OLMo-2-1124-13B-DPO

Property	Value
Base Model	OLMo-2-13B-SFT
License	Apache 2.0
Language	English
Paper	Tülu 3 Paper

What is OLMo-2-1124-13B-DPO?

OLMo-2-1124-13B-DPO is an advanced language model developed by Allen AI, representing a significant evolution in the OLMo series. It's a 13B parameter model that has undergone Direct Preference Optimization (DPO) training after being fine-tuned on a specialized variant of the Tülu 3 dataset. The model achieves impressive performance across diverse tasks, scoring an average of 61.0% across various benchmarks including MMLU, GSM8k, and MATH.

Implementation Details

The model utilizes a length-normalized DPO training approach with specific hyperparameters including a learning rate of 8E-7, beta value of 5, and an effective batch size of 128. It supports a maximum sequence length of 2048 tokens and implements a linear learning rate schedule with a 0.1 warmup ratio.

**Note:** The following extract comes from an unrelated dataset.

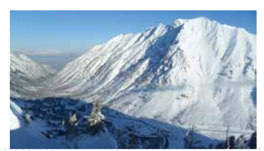
Little Cottonwood Canyon - clear day

We need your collective experience as skiers and outdoor enthusiasts to weigh in on the Blueprint. Did we get it right? Don't miss this opportunity to make a difference. The success of Mountain Accord and the way it moves forward and develops relies heavily on fair and balanced feedback from many perspectives. We're looking for meaningful feedback from all groups, disciplines and passions – including the skiing community. Only then can we be certain that the record truly and accurately reflects what is important to the public as a whole and how well the Blueprint addresses Mountain Accord's goals. Check out the full Blueprint at mountainaccord.com and tell us what you think!

Trained using Transformers architecture
Implements specialized chat template for conversation
Supports both standard text generation and conversational tasks
Achieves 84.2% on GSM8k and 80.6% on IFEval benchmarks

Core Capabilities

Advanced mathematical reasoning and problem-solving
Strong performance on general knowledge tasks (68.5% on MMLU)
Robust safety considerations (80.6% on safety benchmarks)
Effective chat and instruction following capabilities

Frequently Asked Questions

Q: What makes this model unique?

OLMo-2-1124-13B-DPO stands out for its comprehensive training approach combining SFT and DPO, along with its strong performance across diverse tasks, particularly in mathematics and reasoning. It's part of the fully open OLMo series, making it valuable for research and educational purposes.

Q: What are the recommended use cases?

The model is particularly well-suited for research and educational applications, excelling in mathematical reasoning, general knowledge tasks, and conversational interactions. It's designed for safe and responsible AI deployment while maintaining high performance across various benchmarks.